Oh, your meaning was clear. But I can't ban a user for single-issue posting if everyone else keeps trotting out that user's hobby-horse for them. Israel is a foreign power. Treating it as a synonym for "Judaism" is something its advocates and critics do interchangeably, depending on the point they want to make. That kind of disclarity is objectionable, here, but so is making uncharitable assumptions about which meaning is intended.

The user to whom you were responding is not the most artful user we have, in terms of disingenuously cloaking objectionable insinuations in plausibly neutral language. But that does not excuse uncharitable jabs from other, similarly artful posters.

We want, in short, for people to have room to change their minds, however minutely. Comments like yours discourage that.

It balances out if you are mentally deranged- maybe you would be happy to trade your child or friend or neighbor being killed for no good reason, so long as a random African is saved from AIDs, then you can consider "the ledger balanced". That's due to a derangement in your value system and not mine.

That's due to a derangement in your value system

You are free to explore value disagreement, but dropping to accusations of derangement is too much heat. I might let it slide if it were some passionate rhetoric in the midst of an effort post, but this comment seems to just be pure heat. Three day ban.

Be that as it may, OP was clearly complaining not just about the loss of American lives but rather the loss of the lives of non-Americans. Hence his reference to Nixon bombing Laos, Obama wrecking Libya, and the "rivers of blood' on Bush's hands, only some of it American. Hence, my reference to foreign lives saved.

That's due to a derangement in your value system and not mine.

This seems to imply that it ethically "deranged" for a US President to endanger the life of a even a single serviceman in order to save the life of non-American civilian children. So, it is unethical to stop a genocide, if it puts American servicemen at risk. It was unethical to evacuate Vietnamese from Saigon. Heck, I guess Hugh Thomson was unethical as well; look at the American lives he endangered.

Did he commit a crime isn’t convincing. He probably did but that doesn’t escape a lawfare question. Are the laws being applied equally or do they only apply to Trump?

If I get called to Trump jury I’ve already decided on jury nullification. And I’ve never voted for him. A nation of laws must have some concept of laws apply to all in the same way.

Are the laws being applied equally or do they only apply to Trump?

Yes, that is precisely my point. The issue is not whether former presidents did bad things, as OP seems to think. It is, as you say, whether they violated a criminal statute.

Every government official for decades has violated criminal statutes. The Logan Act is constantly violated but only applied to Flynn. Biden and Pence both had confidential documents. violating criminal statutes isn’t enough.

Merely having confidential documents is not enough to violate the law. The law requires knowing and intentional retention.

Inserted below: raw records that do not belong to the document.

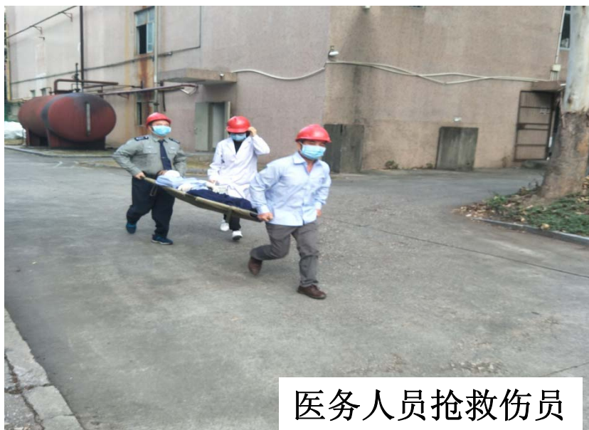
医务人员抢救伤员

15: 15: 30 总指挥立即指令：医务人员到位后立即救护伤员（由总务2人、医务人员1人用担架把受伤人员护送至救护车，送往医院）；
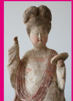
Fat Lady Chine. Tang (618 à 907)
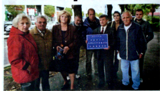
Predstavnici SRP-a postavili su ploču s imenom ulice u čast partizanima.
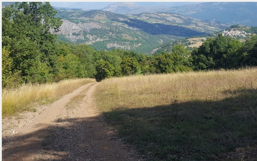
Entre Valsерres et Chorges (Joelle Noguier)
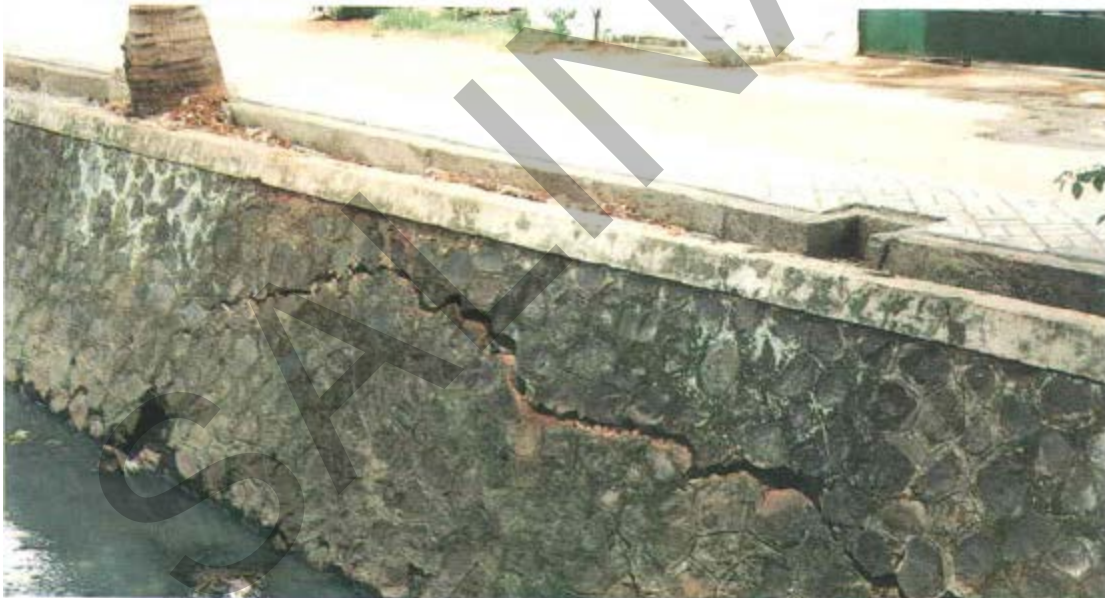
Gambar 49. Retak Pada Lereng Dengan Pasangan Batu.
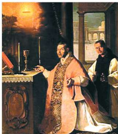
Francisco de Zurbarán, representación del Milagro

Durante la celebración de la Misa, una Hostia consagrada derramó gotas de Sangre. El Prodigio contribuyó a fortalecer la fe del sacerdote y de muchos fieles, entre ellos, el mismo rey de Castilla. Son numerosos los documentos que dan testimonio de este Milagro. Las Reliquias del Prodigio fueron expuestas para la veneración de los fieles durante el Congreso Eucarístico de Toledo en 1926 y sigue siendo hoy en día objeto de profunda devoción para el pueblo español.
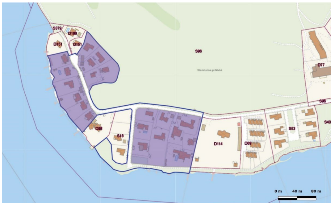
Planändringen berör de lilamarkerade fastigheterna
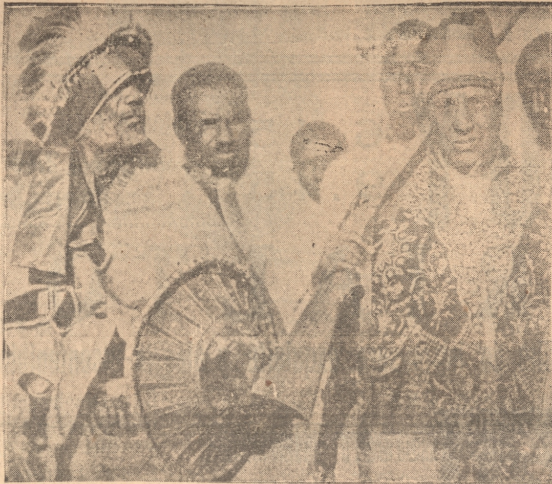
EL NEGUS CON SU ARMADURA DE GALA, acompañado de algunos jefes de su ejército, el día de la inauguración de su monumento en Addis Abeba.

El Negus envió telegrama a la Liga de las Naciones protestando de la actitud italiana. — Italia informó a la SDN del movimiento de sus tropas, invocando la urgente necesidad de movilizarlas ante la actitud agresiva del ejército de Abisinia
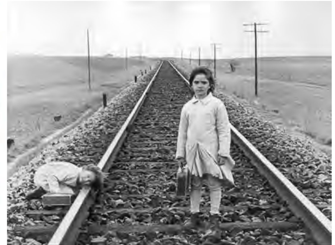
Figura 6. Fotograma del Espíritu de la colmena (1973). Victor Erice
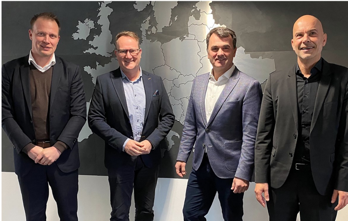
Abbildung 1: Heliatek und IGEPA group Vertreter bei der Unterzeichnung der Partnerschaftvereinbarung
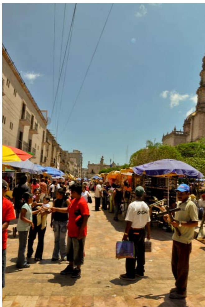
Otra vista del entorno urbano.

1542 Fundación del poblado de San Juan Bautista de Mezquititlán.
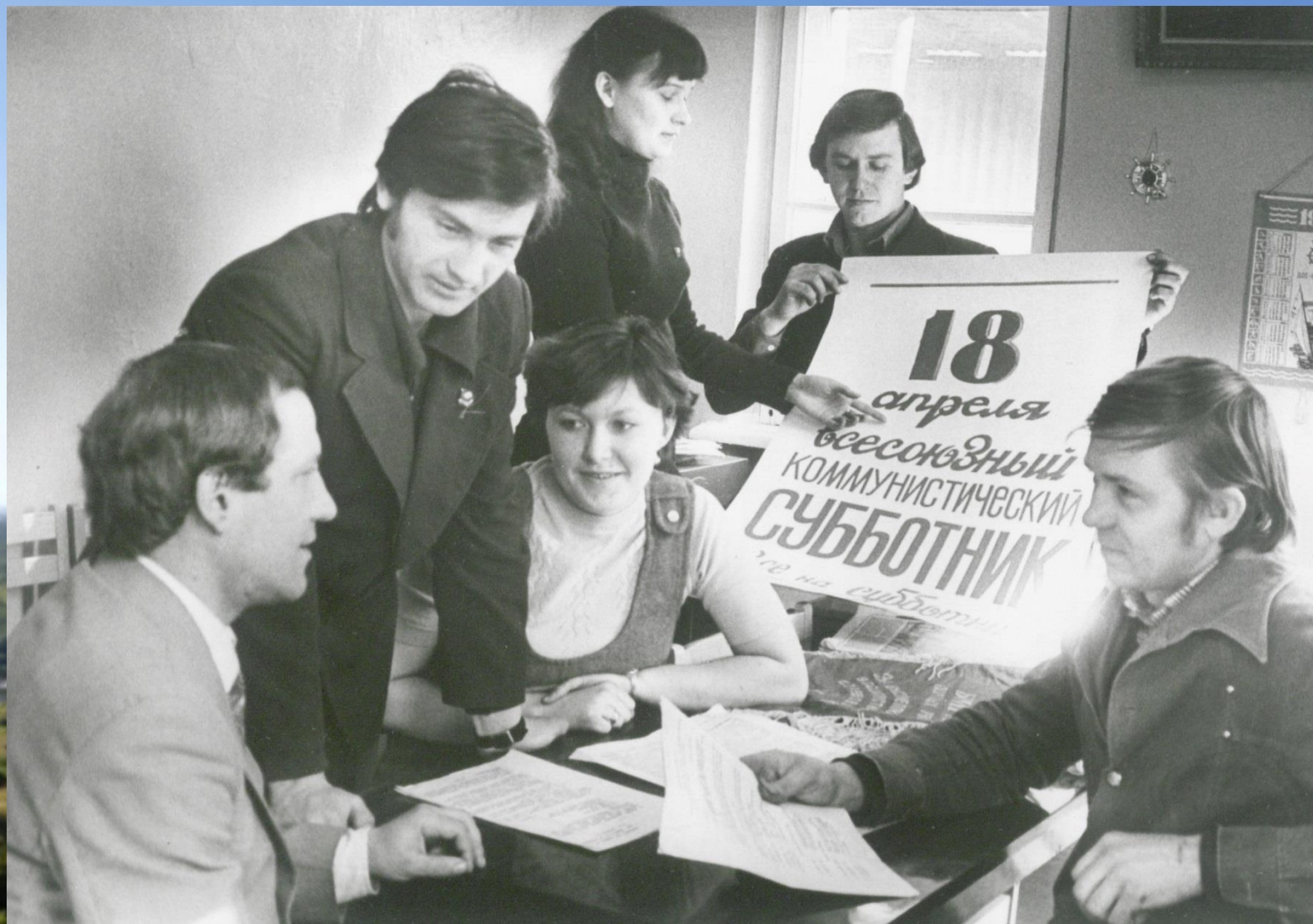
Заседание комиссии по проведению субботника при комитете комсомола порта. 1981 г. ЦДНИРО. Ф.Р-3619. Оп.7. Д.3143.

? The United States is not a member of the International Criminal Court, so this is a very odd example of the US pretending to be defending the rules-based international order.

? Not being a member of an international organization, gives anyone the right to invade a sovereign country, if a your citizen is being held their for a trial?

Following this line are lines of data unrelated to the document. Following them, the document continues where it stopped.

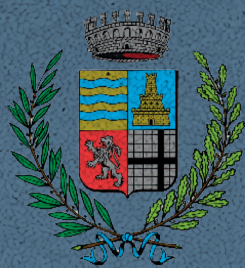
Comune di Borgoricco
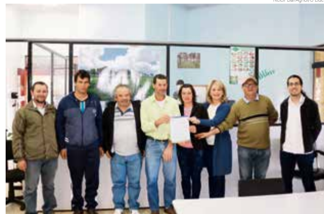
Representantes da associação e conselheiros das comunidades beneficiadas marcaram presença
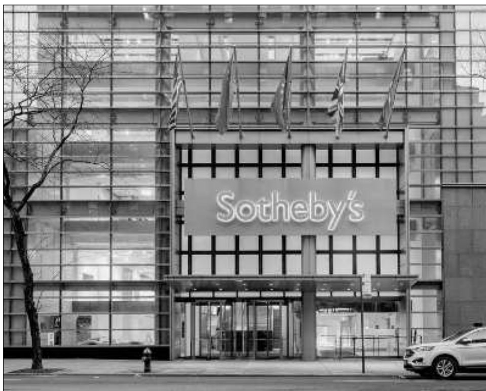
▲ La pintura La Virgen María con el Niño Jesús entronizado se pondrá a la venta en la subasta de Sotheby's con un valor de lote de hasta 3 millones de libras esterlinas.

El diario agregó que la subasta tendrá lugar la semana que viene.
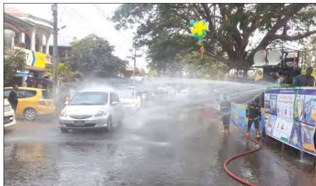
ကရင်ပြည်နယ် လှိုင်းဘွဲ့မြို့နယ် ရေကစားမဏ္ဍပ်၌ ပျော်ရွှင်စွာ ရေပက်ကစားနေသူများ။ စောဒိ(ပြန်/ဆက်)
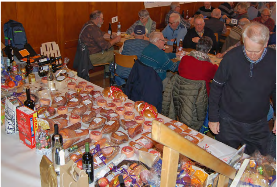
Reich gedeckt: der Gabentisch am Schwingerjass.
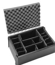
iM2370-DIV Cloison en mousse
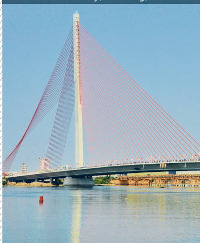
Pont de Tran Thi Ly, Da Nang, Vietnam
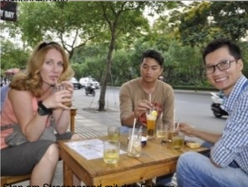
Stop am Strassenrand mit den Fahrern
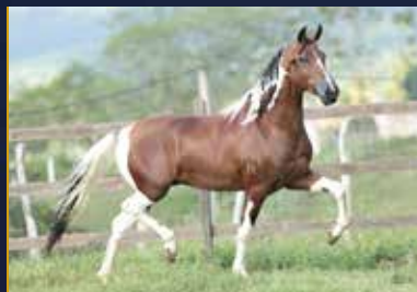
32 - OASIS DO QUELÉ
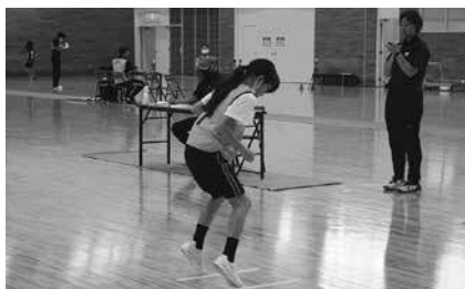
スーパー讃岐っ子第2次選考会

中学生になったスーパー讃岐っ子を対象としたプログラムも実施しており、スーパー讃岐っ子シニア生として活動しています。
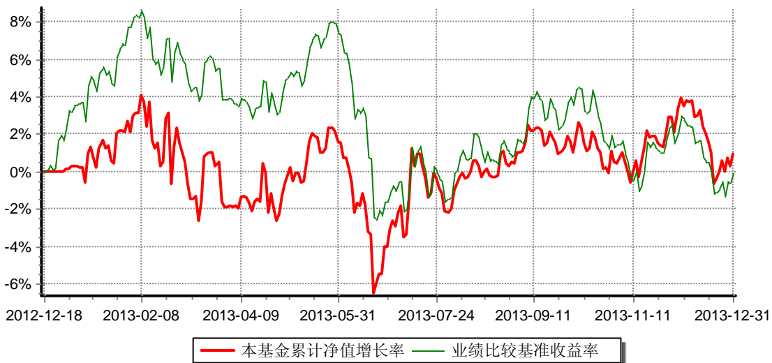
安信平稳增长混合型发起式证券投资基金 份额累计净值增长率与业绩比较基准收益率历史走势对比图 (2012年12月18日-2013年12月31日)

注：1、本基金的建仓期为2012年12月18日至2013年6月17日，建仓期结束时，本基金各项资产配置比例均符合本基金合同的约定。
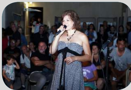
Karaoke Organisé par le service jeunesse
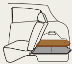
アジャスタブル デッキボード(2WD車)
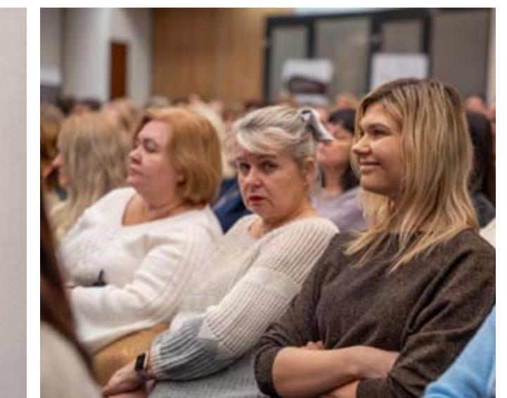
Dokumentinio filmo „Aš esu“ peržiūra tapo ne tik kino seansu, bet ir galimybe geriau pažinti autizmo spektro sutrikimų turinčių vaikų bei jų artimųjų išgyvenimus
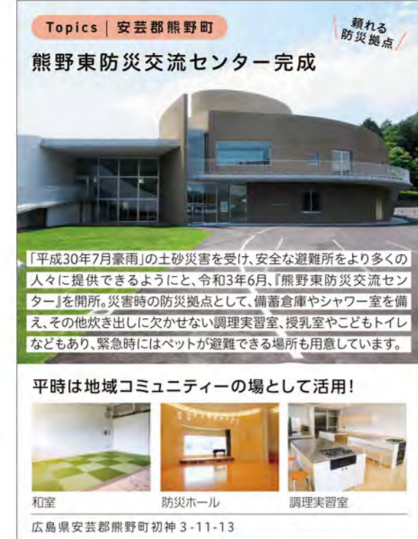
熊野東防災交流センター完成 広島県安芸郡熊野町初神3-11-13

Check 避難所にも2種類あり! 指定緊急避難場所 命を守るため、災害の危険からまずは逃げるための場所。洪水や土砂災害など、災害の種類ごとに異なります。 指定避難所 自宅が被災して帰宅できない場合などに、一定期間、避難生活を送るための施設。 お住まいの自治体または「Yahoo! 防災速報」アプリで確認できますので、チェックしておきましょう。
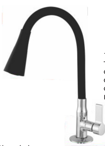
1169 Torneira Gourmet Color C/ Jato Duplo Cone Bancada
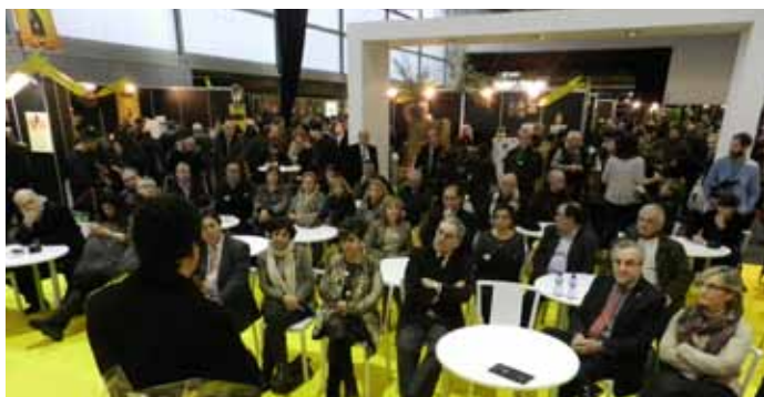
■ Agermanament amb la Ruta del Vi Costers del Segre a la 51a edició (2014)
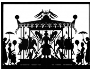
Petites découpes en papier noir , 1993 Papier noir découpé 4 x (31,5 x 41,5 cm) Collection Frac Limousin

Since I said nothing of the sort, the answer is obviously "no,"

Then it was a very odd objection to the point he was making.

If you think that, then you have misapprehended the particular point I was responding to, which was specifically about the ICC being part of the rules based international order.

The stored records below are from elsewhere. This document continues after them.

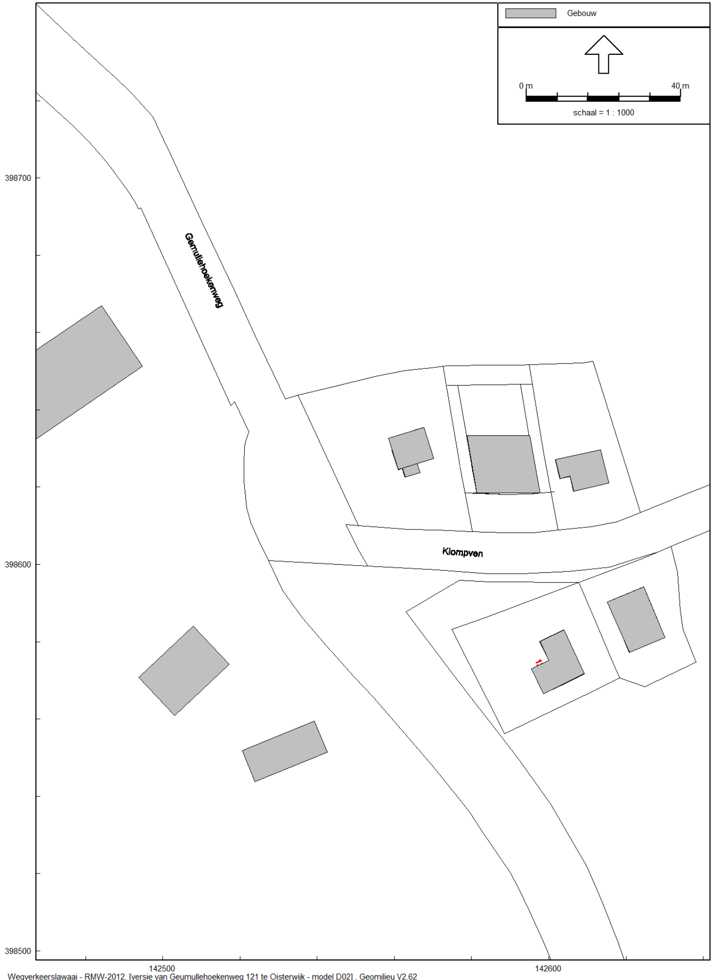
figuur 1 situatietekening
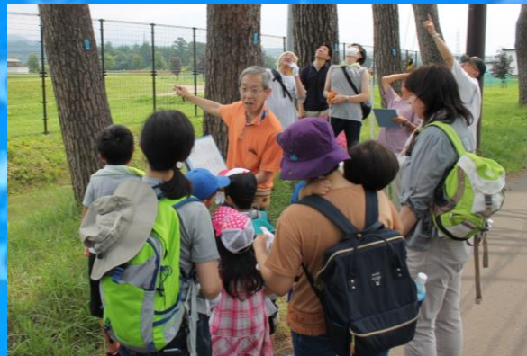
赤松を観察している様子

当日は、樹木医による、観察方法や七飯町の松についての説明を行いますので、初めての方や子ども連れの方も学習しながら参加できる観察会です。
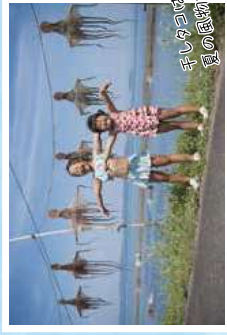
千しタコは 夏の風物詩
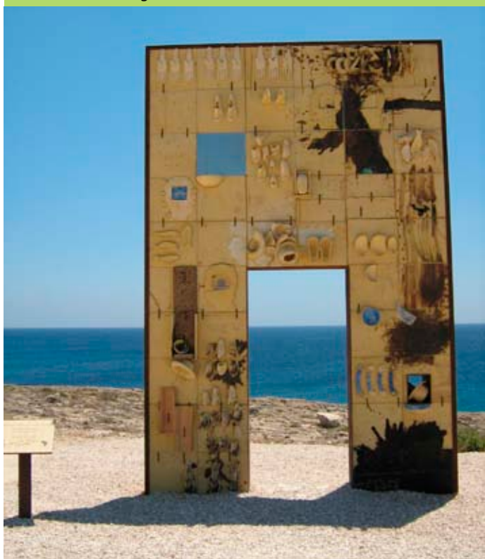
Lampedusa (Italia), escultura de Mimmo Paladino dedicada a todos los inmigrantes que murieron intentando llegar a las costas europeas.

menos 30 personas han sido detenidas por dar asistencia a inmigrantes sin papeles desde 1986. La mayoría de estos casos fue de personas que cedieron alojamiento 4 . En 2007 la organización greco-chipriota KISA fue llevada a los tribunales por reunir dinero para pagar una operación a vida o muerte de un inmigrante 5 . La protección social y el proceso de inclusión social de la UE puede desafiar la idea de que algunos grupos de población no merecen protección social básica por su situación irregular. Por de pronto los más vulnerables de Europa han sufrido la segregación por causa de su estatus administrativo. Por tanto, el proceso de inclusión y protección sociales no sólo se han frustrado, sino que corre el riesgo de crear un 'Cuarto Mundo' más dividido, más marginado y más fácil de explotar en el seno de la sociedad europea.
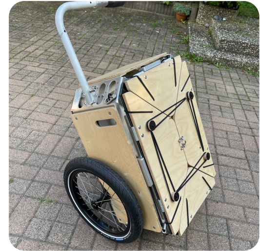
En mode valise
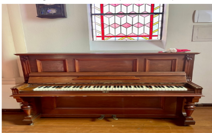
Figura 10: Piano da capela (Escola 3)

Or you have misapprehended his point to begin with.

All I know is:

  1. Using the ICC as an example of the US pretending to support the rules based international order makes no sense;
  2. Inferring therefrom that I think that the US has the right to invade the Hague makes even less.

The issue is the US thinks it has the right to invade Hague. Whether or not it is a part of the ICC is irrelevant re whether or not that makes a mockery of the "rules based order".

Again, you need to read my statement more closely. It has nothing to do with whether the US has a right to invade the Hague (it doesn't) nor with whether it thinks it does (it doesn't).